The kids played in the midfield, joining us for an occasional lap, while I walked the easiest eight miles of my life. Between the caffeine and losing myself in the palpable positive vibe of my fellow walkers, the day flew by. There were no rules or lane violations. Nobody yelled at each other for going too slow on the track or going the wrong way. When the P.A. announcer courteously requested moments of silence, respect was universally delivered by people of all ages. I felt great, not just because of the good cause, but also because each lap was one small step toward getting me into a smaller charity T-shirt for the next event. I could have walked further for my own health without the kids, but the Relay is about solidarity and community, not distance. More attendees = more money, and more education for my children about the realities of life and death.
It’s All Fun and Games Until Someone Loses a Life
I’m not naïve. It’s obviously not just a party, and this is most evident during the luminaria ceremony after dark, when the Relay honors those affected by or lost to the disease by lighting candles inside sand-filled bags.

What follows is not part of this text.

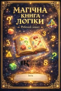 Про що: Збірник різнотипних логічних головоломок та математичних задач для дітей, стилізований під чарівну книгу квестів.

The theme of this walk, spelled out beautifully in the bleachers with luminarias, was HOPE. Aside from hoping for a cure, it personally made me hopeful for a kinder world, where people treat each other with the respect and deference that was present throughout the event.
Touched By a Euphemism
I don’t like the phrase “we all know someone whose life has been touched by cancer.” People don’t get “touched” by, for example, chemotherapy. A more appropriate verb would be ravaged or devastated. In the few short months between the walk and the time I finished this article, two of my close relatives were diagnosed with cancer. My friend’s father, whom we were sponsoring at the walk, was transferred to hospice care. Call me touchy if you must, but this is not the best place for euphemisms. Cancer fucking sucks.
My hope is that I have not guilt-marketed you, browbeaten you or essentially contradicted my own advice. I will not be following up to see if you read this and I will not be asking you for money. I just wanted to relay the message that it only took me about four hours to switch from indifferent to invested, and you might find yourself similarly inspired, like my five-year-old. He heard my wife and I talking today about yet another person who had been diagnosed with lung cancer.

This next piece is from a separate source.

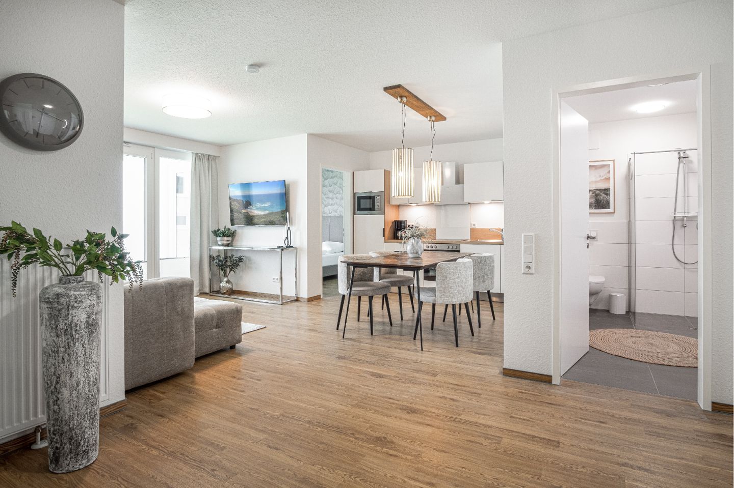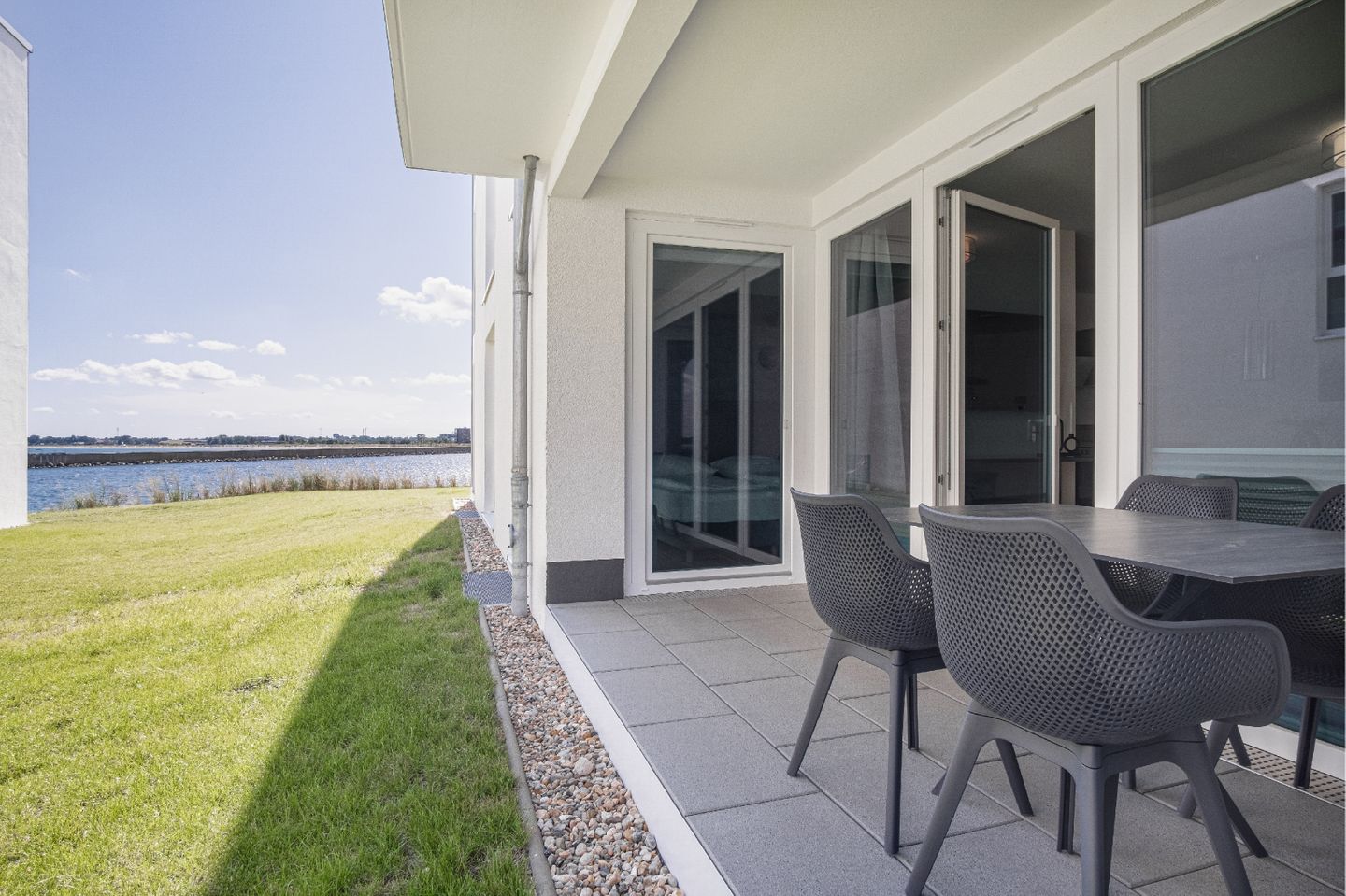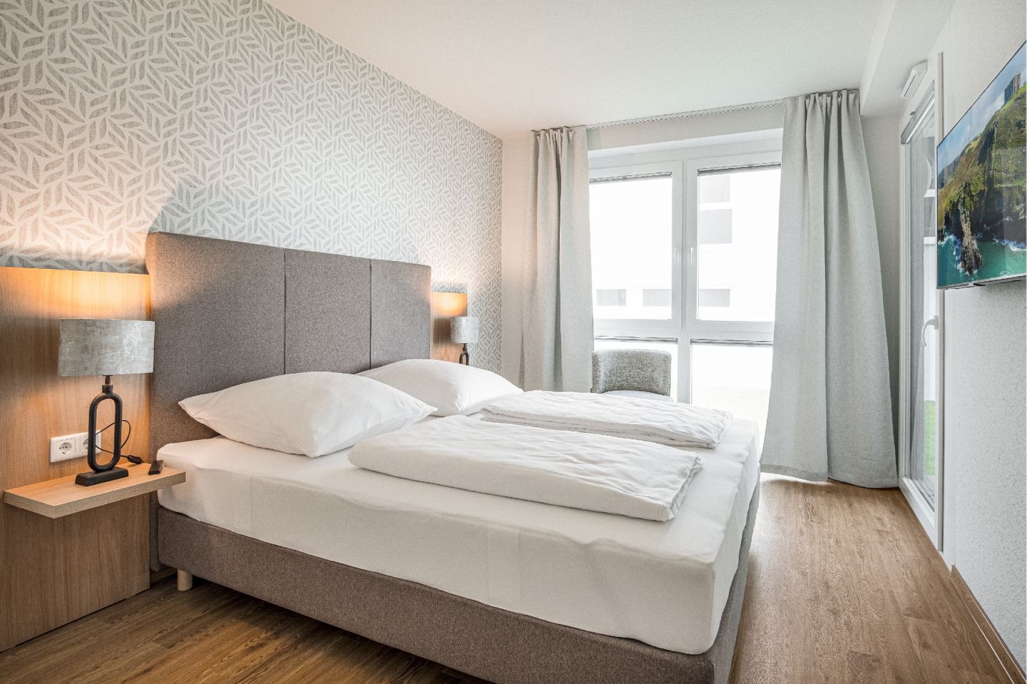 Die Ferienwohnung "Ostseebrise" in Olpenitz begrüßt Sie in direkter Nähe zur Ostsee im exklusiven OstseeResort Olpenitz. Sie befindet sich im Erdgeschoss eines modernen Gebäudes und bietet auf 78 m² ein komfortables Ambiente für bis zu vier Gäste, ideal für Familien, Paare und Erholungssuchende. Die großzügig geschnittene Wohnung umfasst drei Räume, darunter zwei separate Schlafzimmer, die erholsamen Schlaf für bis zu vier Personen bieten. In beiden Schlafzimmern befindet sich je ein Doppelboxspringbett (190 x 200cm), ein Kleiderschrank sowie je ein Smart-TV. Verdunklungsmöglichkeiten runden das Angebot für erholsamen Schlaf ab. Das helle, offen gestaltete Wohn- und Esszimmer ist mit einem gemütlichen Sofa, einem Esstisch sowie einem Smart-TV ausgestattet. Die moderne, offene Küche gliedert sich nahtlos in den Wohnbereich ein und begeistert durch eine hochwertige Ausstattung: eine Mikrowelle, eine Spülmaschine und eine Kaffeemaschine stehen Ihnen zur Verfügung, ebenso sämtliche benötigten Küchenutensilien. Hier steht den gemeinsamen Kochabenden nichts mehr im Wege. Das geschmackvoll eingerichtete Badezimmer verfügt über eine bodengleiche Dusche, ein Waschbecken mit Spiegel und Haartrockner. Ein Ganzkörperspiegel, eine Garderobe sowie Sichtschutz an allen Fenstern runden den hohen Wohnkomfort ab. Für Ihr tägliches Wohlgefühl stehen Ihnen zusätzlich gemeinschaftlich nutzbare Waschmaschine und Trockner gegen Aufpreis zur Verfügung. Besonderes Augenmerk liegt auf dem Wellness- und Freizeitangebot: Die Ferienwohnung ist Teil einer Anlage mit beheiztem Indoor-Pool, Sauna zur Gemeinschaftsnutzung und weiteren Wellness-Einrichtungen mit einem einzigartigen Blick auf den Hafen und die Ostsee! So genießen Sie auch an kühleren Tagen erholsame Stunden. Die überdachte Terrasse mit hochwertigen Gartenmöbeln lädt zu entspannten Stunden im Freien ein. Ein Elektrogrill steht Ihnen für das Zubereiten von Mahlzeiten im Freien zur Verfügung, und der Zugang zu einer gepflegten Rasenfläche schafft zusätzlichen Erholungsraum. Für Ihren PKW steht ein kostenloser Privatparkplatz direkt vor dem Haus bereit. Fahrräder können im Fahrradraum im Keller mit Steckdosen abgestellt werden. Die Umgebung lädt zu entspannten Spaziergängen, ausgedehnten Fahrradtouren oder sportlichen Unternehmungen am und auf dem Wasser ein.

“Lung cancer? Yay! We get to go to another walk!”
Okaaaay. Maybe he doesn’t fully understand why he was there; his motivation is bounce houses and brotherly bonding. But it doesn’t matter. He’s excited to go again, he’s full of energy, and his T-shirt money is as good as anyone else’s. If your motivation is still not there, believe me, I understand. But if you’d like to save a life, lower your cholesterol, or even just want a new T-shirt in your closet, take a lap with him.